Kraker sieht Generalsekretariate in Ministerien kritisch

Einen Themenwechsel vollzieht Neos-Fraktionsführer Yannick Shetty, er will wissen, wie der Rechnungshof zu den Generalsekretariaten in den Ministerien stehe und ob diese „zweckmäßig und sparsam“ seien. Es handle sich bei den Büros der Generalsekretäre um eine „Mischform“ zwischen oberster Verwaltung und einem Unterstützungsapparat des jeweiligen Ministers, kritisiert Kraker. „Wir haben auch an der personellen Ausstattung Kritik geübt. Die Büros der Generalsekretäre sind dazugekommen, der Personalstand in den Kabinetten nicht weniger geworden.“

Die ÖVP-Fraktion will zur Finanzcausa der FPÖ-Graz beziehungsweise Steiermark fragen. Das sei nicht Teil des Untersuchungsgegenstandes, entgegnet der Verfahrensrichter, da das Thema nicht die Vollziehung des Bundes betreffe. Fraktionsführer Andreas Hanger ruft dazu auf, das „differenzierter“ zu betrachten. Denn die Ermittlungshandlungen der Staatsanwaltschaft in der Causa „sind ganz klar in der Vollziehung des Bundes“. Der Verfahrensrichter bleibt bei seiner Einschätzung.

Mit der Befragung einer früheren Beamtin im mittlerweile aufgelösten Bundesamt für Verfassungsschutz und Terrorismusbekämpfung (BVT) folgt am späteren Nachmittag der Themenwechsel zu Herbert Kickls (FPÖ) Handeln als Innenminister. Dieses wird auch am Donnerstag im Fokus stehen, wenn sich unter anderem Kickl selbst sowie sein ehemaliger Kabinettschef Harald Teufel den Fragen der Fraktionen stellen.
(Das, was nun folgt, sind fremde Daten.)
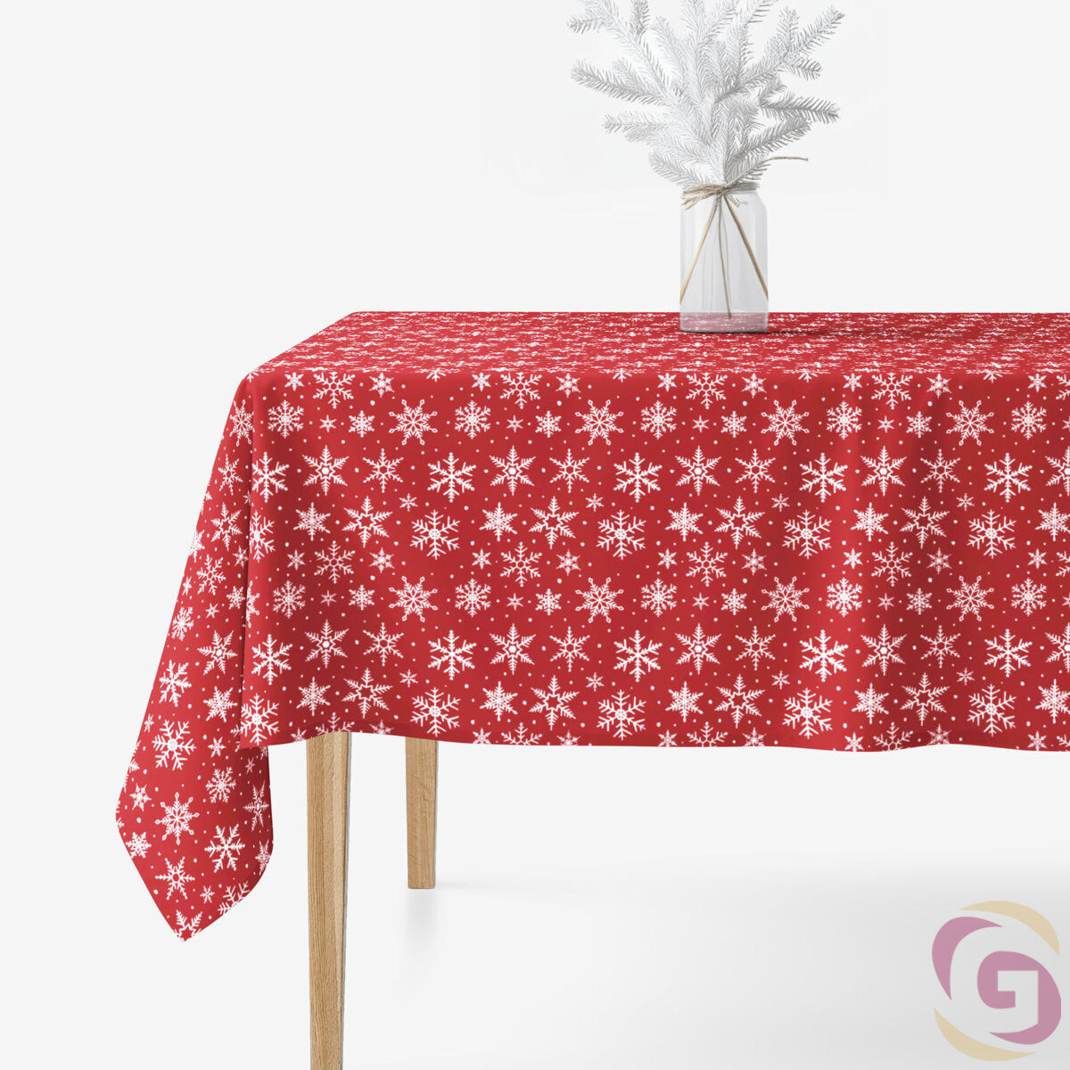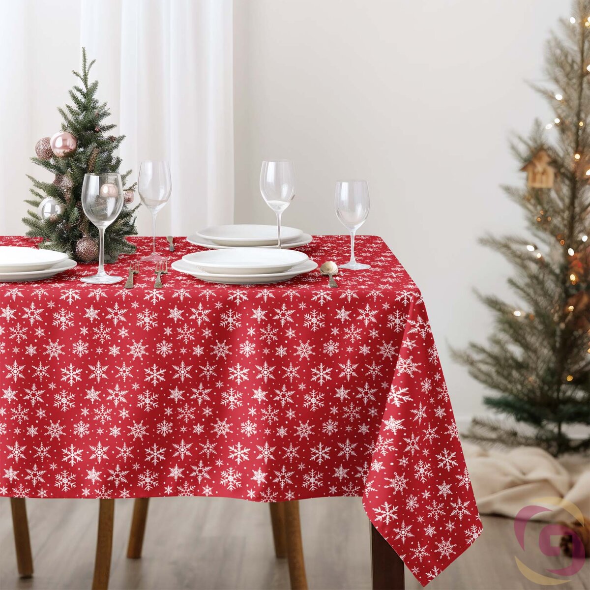 Weihnachtliche eckige Tischdecke Valencia - Weiße Flocken auf Rot

Ziel des Untersuchungsausschusses, den die ÖVP im Alleingang eingesetzt hat, ist es, mögliche Verfehlungen in früheren SPÖ- und FPÖ-geführten Ministerien unter die Lupe zu nehmen. Der Untersuchungszeitraum reicht bis zur Kanzlerschaft von Alfred Gusenbauer (SPÖ) im Jahr 2007 zurück.